Aim of the exercise:
For this exercise, write out only the lines of the entries below from the one with "อัญมณีบริโอเลต" up to and including the one with "再來是超浮誇的蒸氣火鍋海鮮塔", exactly as they are. Pictures stay out.

Material for this exercise:
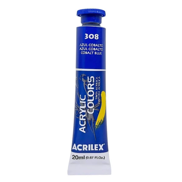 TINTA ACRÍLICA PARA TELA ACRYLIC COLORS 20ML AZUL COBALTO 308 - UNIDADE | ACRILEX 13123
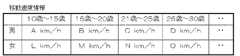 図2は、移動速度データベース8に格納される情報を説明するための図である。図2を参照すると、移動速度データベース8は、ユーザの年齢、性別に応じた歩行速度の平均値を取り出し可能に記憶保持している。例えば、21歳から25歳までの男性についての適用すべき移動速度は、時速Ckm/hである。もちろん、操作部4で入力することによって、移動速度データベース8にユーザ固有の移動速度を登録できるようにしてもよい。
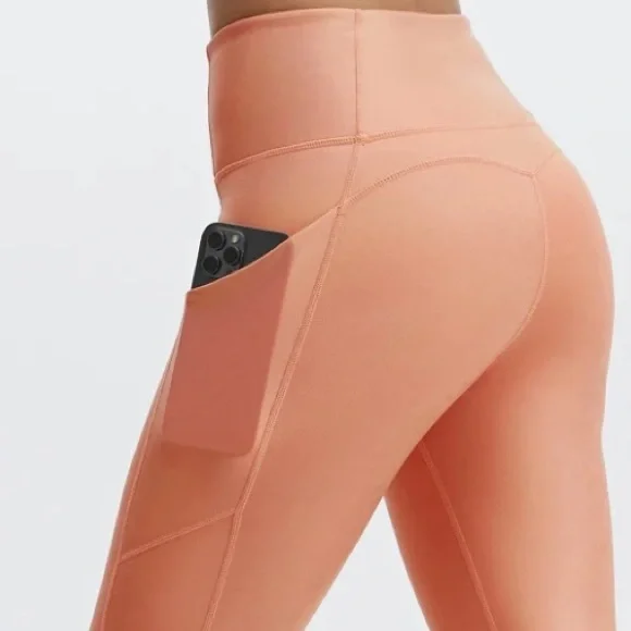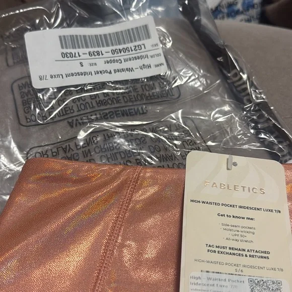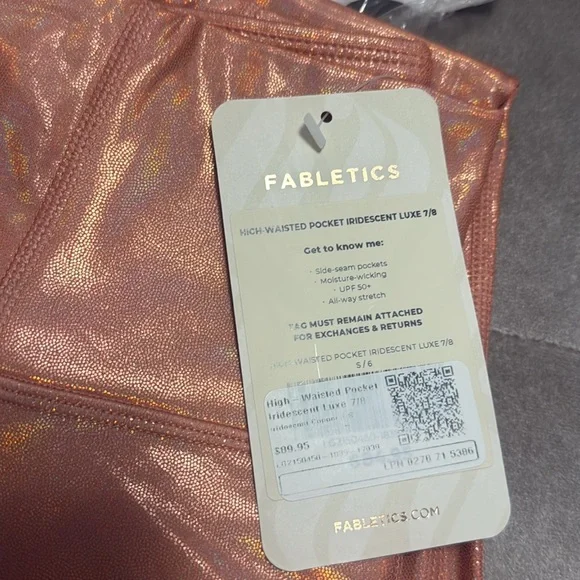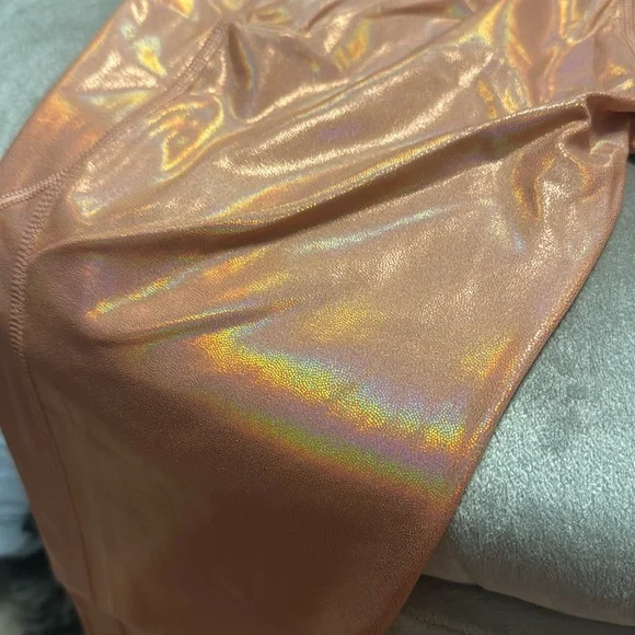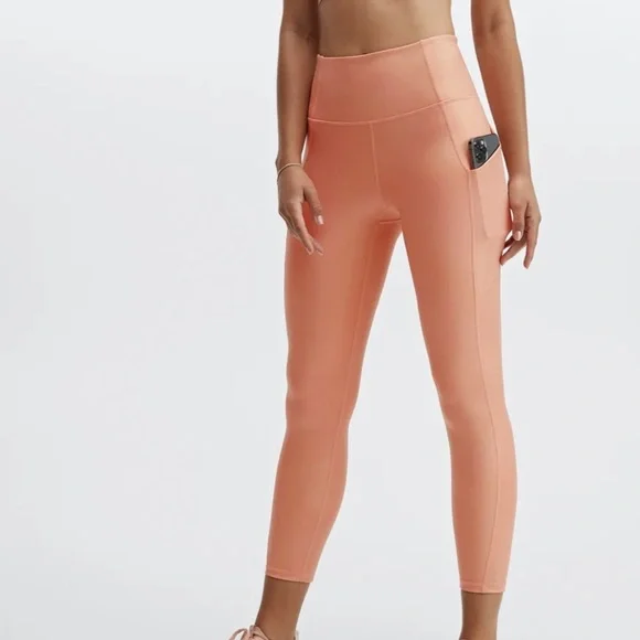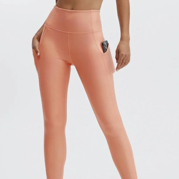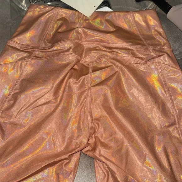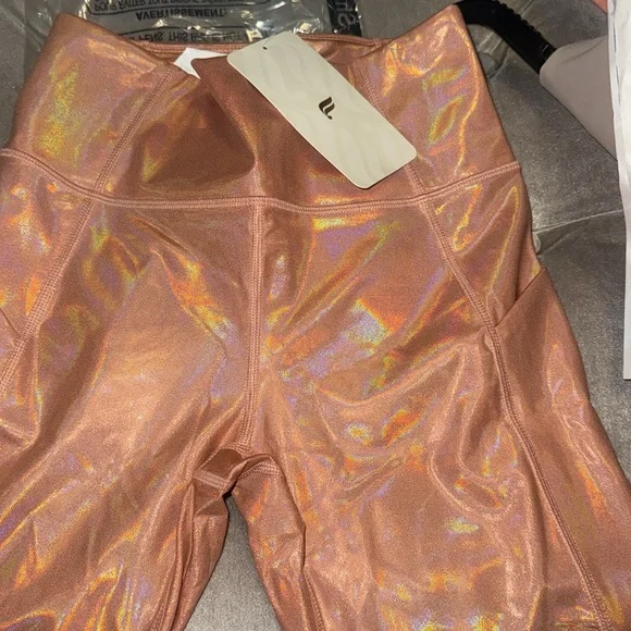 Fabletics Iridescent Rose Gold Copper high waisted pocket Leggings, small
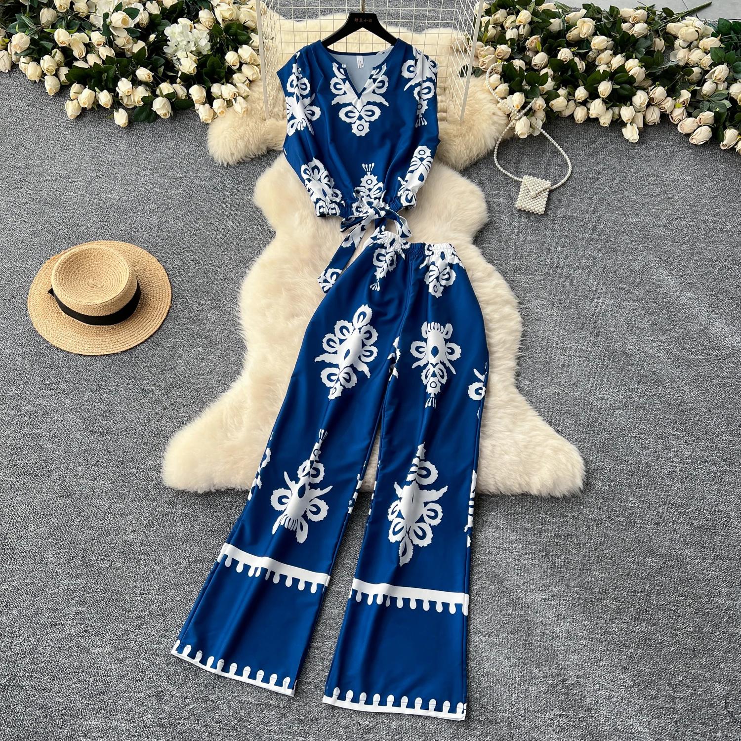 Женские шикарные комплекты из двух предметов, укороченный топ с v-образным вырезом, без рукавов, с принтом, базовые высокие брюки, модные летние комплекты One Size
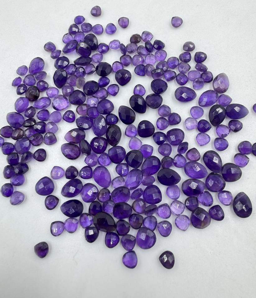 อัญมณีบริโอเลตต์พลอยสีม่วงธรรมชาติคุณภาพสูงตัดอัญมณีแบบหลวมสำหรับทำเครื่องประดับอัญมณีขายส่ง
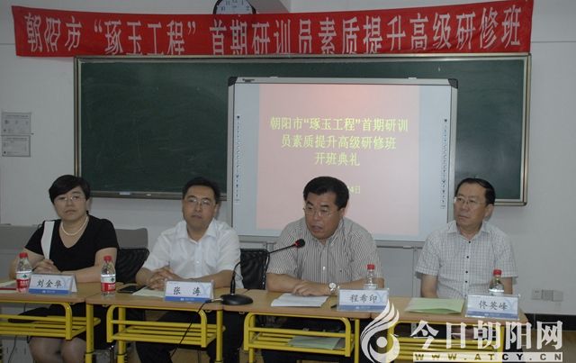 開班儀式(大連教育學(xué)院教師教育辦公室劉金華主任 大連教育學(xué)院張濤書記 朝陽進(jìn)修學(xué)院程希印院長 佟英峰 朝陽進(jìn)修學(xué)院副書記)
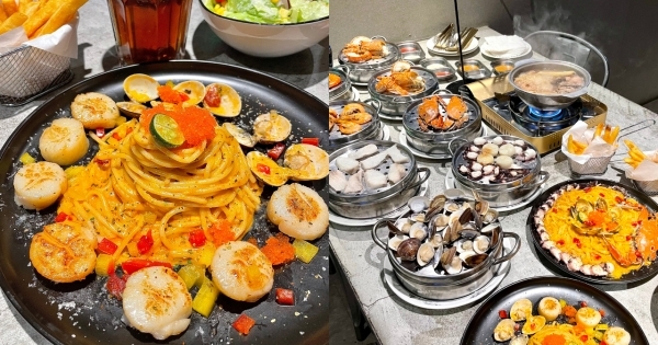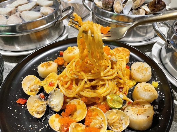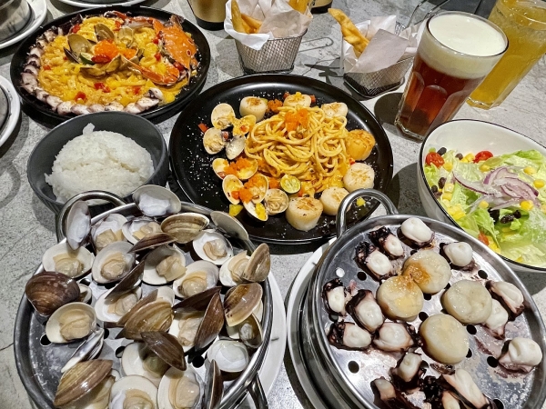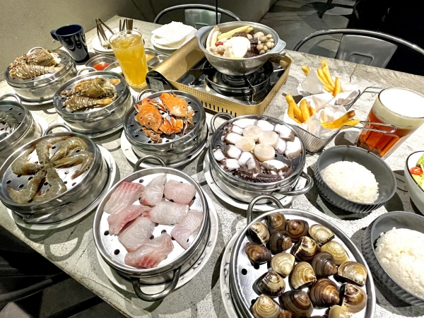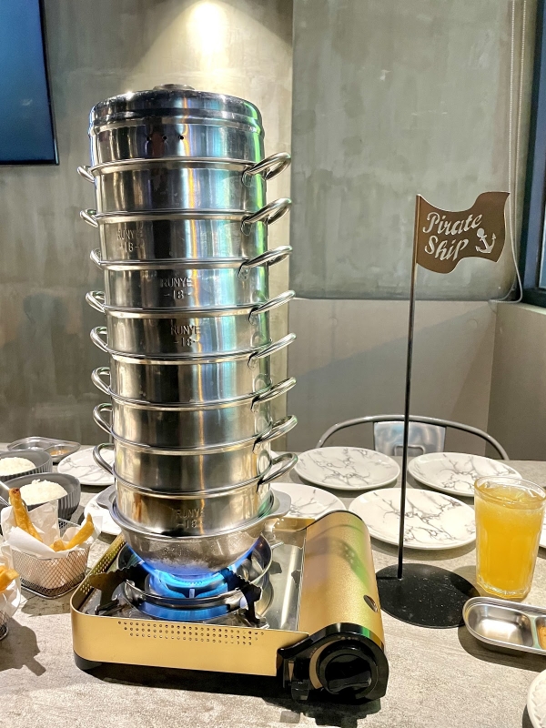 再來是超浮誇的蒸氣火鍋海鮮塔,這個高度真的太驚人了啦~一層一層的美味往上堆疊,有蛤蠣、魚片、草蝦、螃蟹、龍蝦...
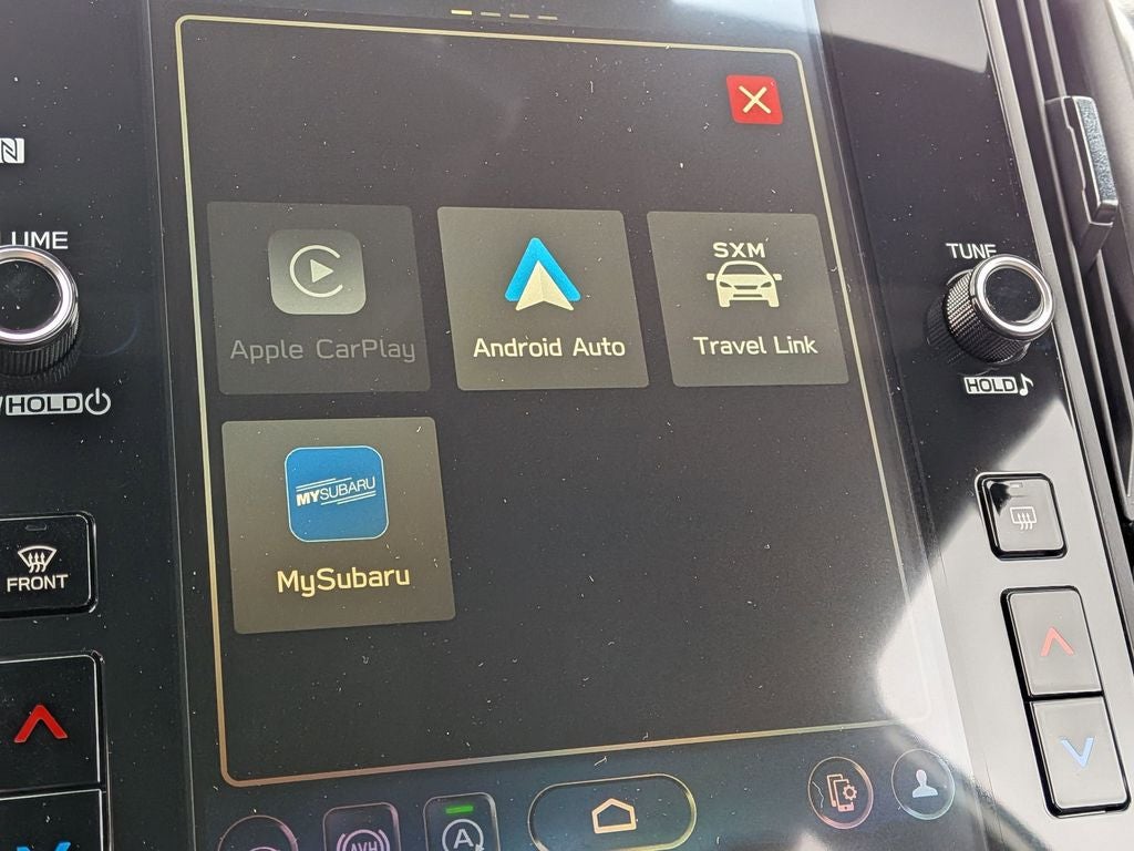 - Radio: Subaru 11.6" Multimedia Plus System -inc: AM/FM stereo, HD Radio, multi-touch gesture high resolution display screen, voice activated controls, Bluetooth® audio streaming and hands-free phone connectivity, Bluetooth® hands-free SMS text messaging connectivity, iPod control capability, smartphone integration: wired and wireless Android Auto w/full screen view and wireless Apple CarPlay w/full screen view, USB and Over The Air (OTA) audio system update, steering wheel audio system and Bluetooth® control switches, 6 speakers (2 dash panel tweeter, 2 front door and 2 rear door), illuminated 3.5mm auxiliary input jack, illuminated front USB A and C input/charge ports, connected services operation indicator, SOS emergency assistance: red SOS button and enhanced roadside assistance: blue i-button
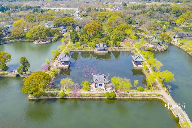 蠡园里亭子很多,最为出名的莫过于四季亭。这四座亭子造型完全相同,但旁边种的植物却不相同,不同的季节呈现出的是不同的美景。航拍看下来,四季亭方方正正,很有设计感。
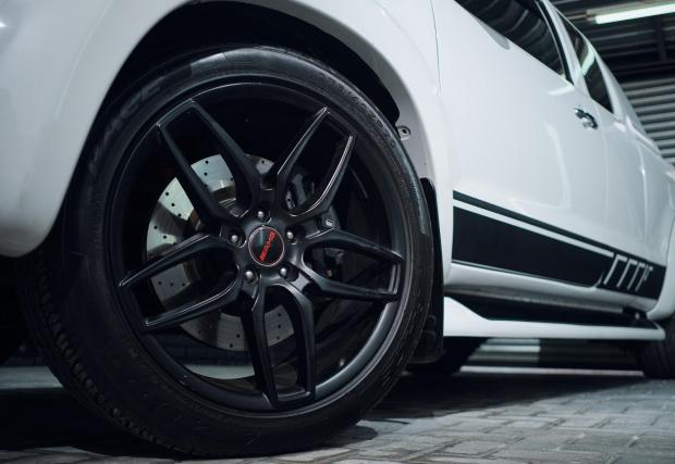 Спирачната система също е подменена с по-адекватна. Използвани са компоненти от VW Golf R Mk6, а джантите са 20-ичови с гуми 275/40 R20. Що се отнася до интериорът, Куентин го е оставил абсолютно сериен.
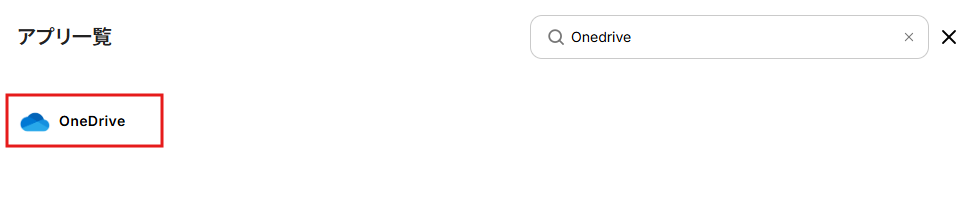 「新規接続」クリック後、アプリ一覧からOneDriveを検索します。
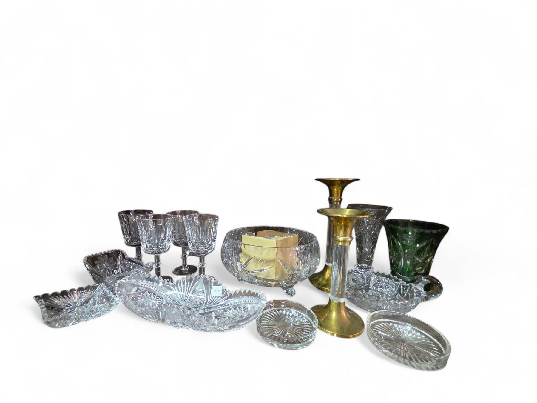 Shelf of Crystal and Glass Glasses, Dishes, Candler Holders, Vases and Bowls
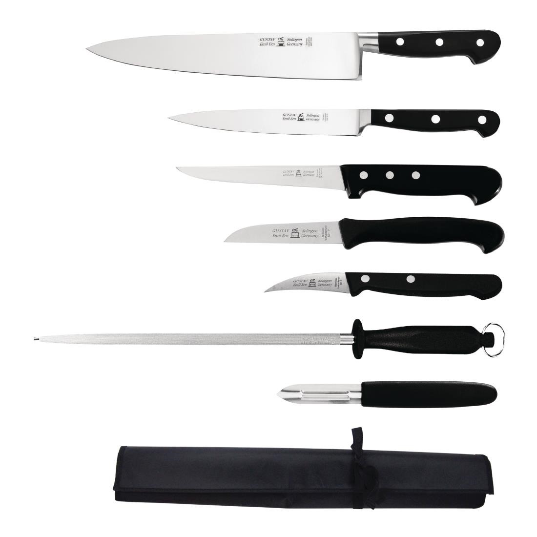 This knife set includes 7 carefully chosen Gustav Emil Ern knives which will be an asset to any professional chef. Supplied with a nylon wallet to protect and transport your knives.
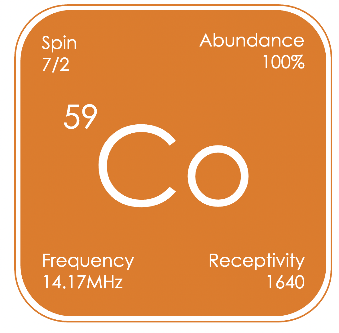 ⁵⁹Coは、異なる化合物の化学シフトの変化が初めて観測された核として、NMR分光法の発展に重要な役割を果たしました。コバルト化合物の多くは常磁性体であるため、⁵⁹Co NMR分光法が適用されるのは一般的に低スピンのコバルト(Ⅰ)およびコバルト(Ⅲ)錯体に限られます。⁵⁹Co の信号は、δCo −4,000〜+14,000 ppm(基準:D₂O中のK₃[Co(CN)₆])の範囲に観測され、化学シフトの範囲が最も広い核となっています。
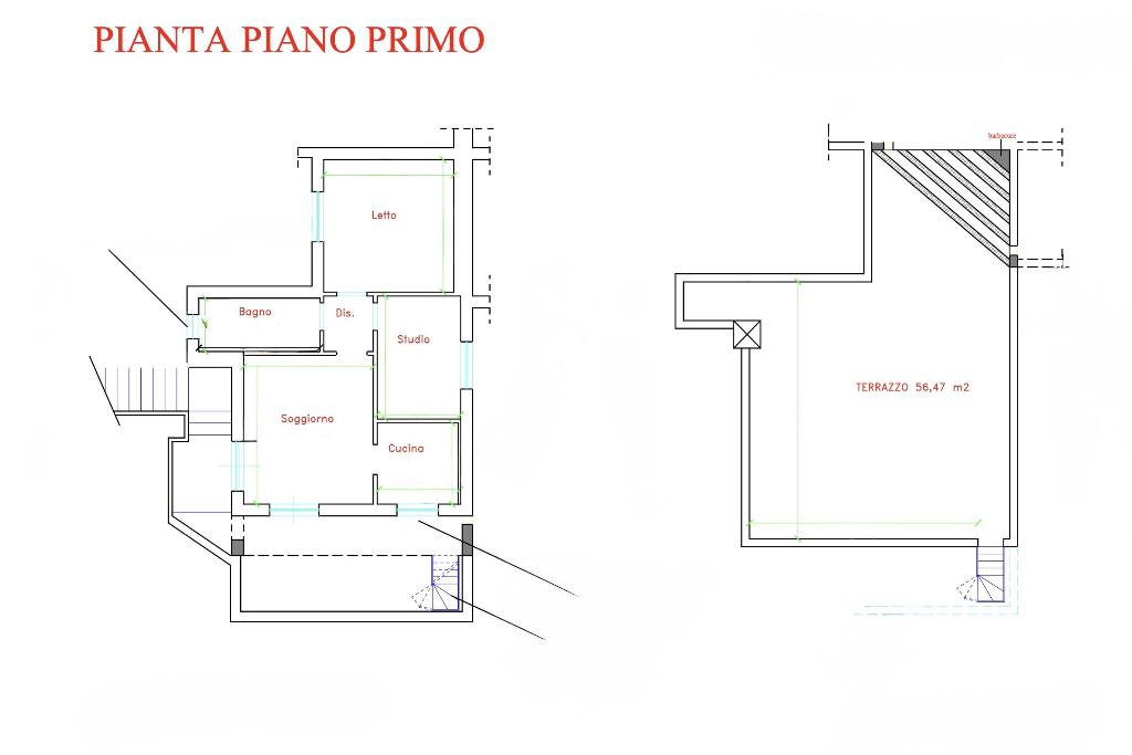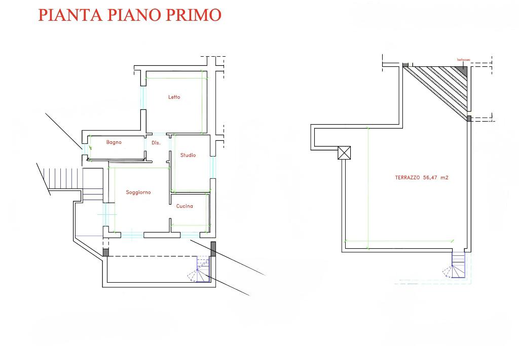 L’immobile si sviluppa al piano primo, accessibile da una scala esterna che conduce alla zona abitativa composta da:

Your solution:
 อัญมณีบริโอเลตต์พลอยสีม่วงธรรมชาติคุณภาพสูงตัดอัญมณีแบบหลวมสำหรับทำเครื่องประดับอัญมณีขายส่ง
 開班儀式(大連教育學(xué)院教師教育辦公室劉金華主任 大連教育學(xué)院張濤書記 朝陽進(jìn)修學(xué)院程希印院長 佟英峰 朝陽進(jìn)修學(xué)院副書記)
 再來是超浮誇的蒸氣火鍋海鮮塔,這個高度真的太驚人了啦~一層一層的美味往上堆疊,有蛤蠣、魚片、草蝦、螃蟹、龍蝦...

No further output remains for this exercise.